Reeves faces £8bn National Lottery tax shortfall

Stalling National Lottery ticket sales threaten to blow a multibillion-pound hole in the Exchequer, compounding the fiscal crisis facing Rachel Reeves.

Analysis of official figures by The Telegraph shows the National Lottery is on course to generate around £84bn of sales under new operator Allwyn by the end of its 10-year licence.

The projection, based on the current trajectory, is barely more than half the £152bn total implied by its successful bid for Britain’s richest public sector contract.

The shortfall means that the Treasury is in line for taxes of £10bn during Allwyn’s tenure, which is scheduled to end in 2034.

Additionally, the company’s ambitious bid suggested it would deliver £18.2bn to the public purse, suggesting a shortfall of £8bn.

Tax accounts for 12p in the pound on every National Lottery ticket and scratch card sold.

It is unclear if the Treasury or the Office for Budget Responsibility (OBR) are including Allwyn’s struggle to boost sales in their own forecasts.

Furthermore, the prospect of another significant hole in tax receipts is unlikely to be welcomed by Ms Reeves as she attempts to balance Britain’s books in her critical Budget next month.

Data published by HMRC show that lottery duty has been flat or declining since the peak in 2021, falling back to 2019 levels.

Economists are expecting another round of tax increases in the Chancellor’s Budget to address an anticipated £50bn hole in the public finances.

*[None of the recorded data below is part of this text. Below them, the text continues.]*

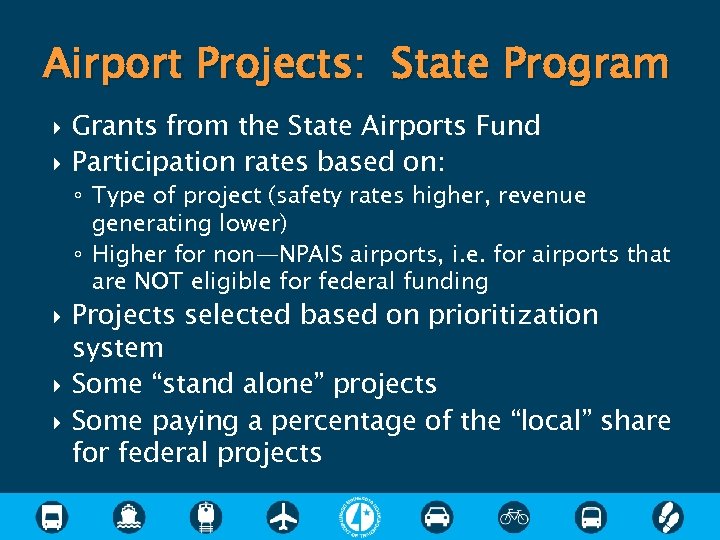Airport Projects: State Program Grants from the State Airports Fund Participation rates based on: ◦ Type of project (safety rates higher, revenue generating lower) ◦ Higher for non—NPAIS airports, i. e. for airports that are NOT eligible for federal funding Projects selected based on prioritization system Some “stand alone” projects Some paying a percentage of the “local” share for federal projects
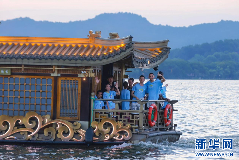 2025“汉语桥”全球外国人汉语大会故事会复赛及决赛将于7月6日至9日在杭州电子科技大学举办。晋级复赛的50名选手相聚杭州,以中文为桥讲述精彩故事。图为7月3日“汉语桥”选手在西湖参与文化体验。新华网发
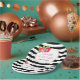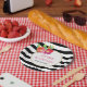 Moderne und schicke, blumengeschmückte Hochzeitspapiertafel mit schwarz-weiß gestreiften Mustern, einem weißen Kreis in der Mitte mit Ihrem Text und hübschen tropischen Blume in Rosa und lila. Es ist eine ideale Wahl für Ihre Hochzeit Brautparty oder Party Tisch.

The National Institute of Economic and Social Research has warned that the Chancellor is on course to miss her borrowing targets as she faces an “impossible trilemma”.

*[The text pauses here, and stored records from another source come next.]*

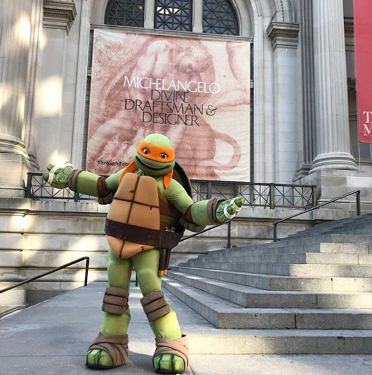 O Museu Metropolitano de Arte de Nova York "convidou" a tartaruga ninja Michelangelo a visitar a exposição do artista renascentista italiano Michelangelo Buonarroti.
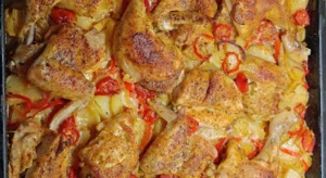 Kuře pečené na bramborách se zeleninou a smetanou: Vše v jednom pekáči a bez práce -> Hähnchen auf Kartoffeln gebacken mit Gemüse und Sahne: Alles in einer Auflaufform und ohne Aufwand
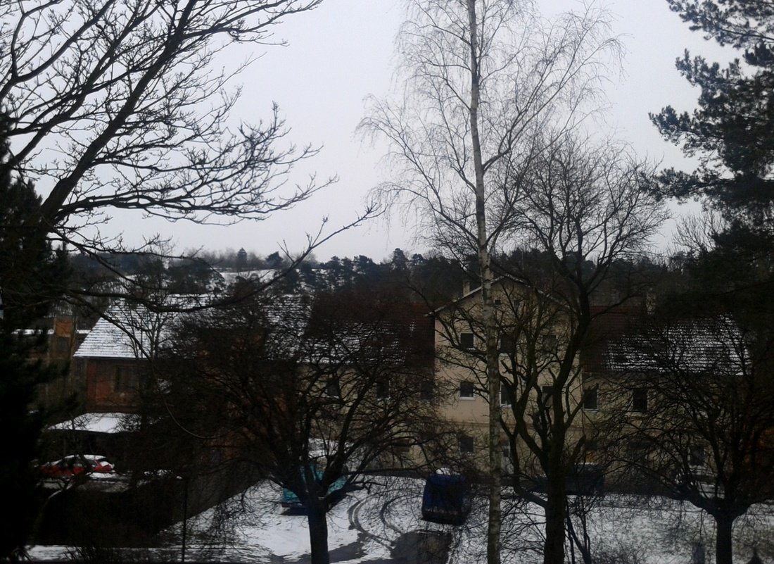 Ochlazuje se poměrně rychle, zatáhlo se, začal foukat čerstvý vítr. Pouze v lese drží sněhová pokrývka, v obci jen zbytky. Foto ze včerejšího slunného odpoledne.
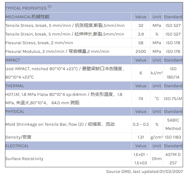 应用范围:产品描述LNP FARADEX AS0039物性表LNP* Faradex* AS0039 is a compound based on Acrylonitrile Butadiene Styrene resin containing Flame Retardant, Stainless Steel Fiber. Added features of this material include: E

She cannot “simultaneously meet her fiscal rules, fulfil spending commitments and uphold manifesto promises to avoid tax rises for working people. At least one of these will need to be dropped”, it warned.

Allwyn took over the National Lottery from Camelot last year with pledges of heavy investments in technology and marketing to revive sales.

In August, it began the first stage of a critical IT upgrade – which it claims will turbocharge growth.

However, it has faced claims from frustrated shopkeepers that machines have been left riddled with glitches as a result.

Lord Don Foster, chairman of Peers for Gambling Reform, said: “It’s deeply concerning that Allwyn are not delivering what they promised to do.

“I remain [concerned] about their ability to deliver what they promised, even with their new operating system.”

The potential fiscal fallout has emerged as the decision to award Allwyn its licence faces uncomfortable scrutiny at the High Court.

A trial over a £1.3bn claim bought by former pornographer Richard Desmond against the Gambling Commission over allegations the quango improperly conducted the bidding process will begin on Thursday.

Allwyn is ultimately owned by the Czech gas billionaire Karel Komárek. Its failure to meet its own targets is also a threat to Britain’s charities and sports, which depend on a roughly 25pc share of sales.

The operator originally pledged to more than double donations from £17.9bn under the last Camelot licence period to £38bn – equivalent to £3.8bn a year over the coming decade. However, the lottery generated just £1.8bn for good causes in its first year.

With the contribution to good causes growing at just 0.74pc a quarter or 3pc per annum, according to the company’s own figures, the lottery is on course to generate roughly £21bn over Allwyn’s licence. This amounts to a potential shortfall of £17bn.

The operator’s spending pledges have previously been attacked as “fanciful” in the House of Lords.

In a parliamentary debate in February, Viscount Chandos asked gambling minister Baroness Twycross whether the Gambling Commission had been “taken for a ride” by Allwyn during the bidding process.

Baroness Twycross insisted the Commission had “direct oversight” of Allwyn and had met executives “to receive additional assurance around delivery”.

A spokesman for Allwyn said: “Despite the challenges of the transition period, we are on track to double the contribution to good causes from £30m a week to £60m a week by the end of the 10-year licence in 2034.”

“Unlike previous licences, this one ties our income to a fixed percentage of the money returned to good causes, so we are completely aligned with the objective of increasing contributions to good causes,” the company added.

A Treasury spokesman said: “We aren’t going to give a running commentary on the OBR’s forecasts. The OBR have been commissioned for a full economic and fiscal forecast that will be published on Nov 26.”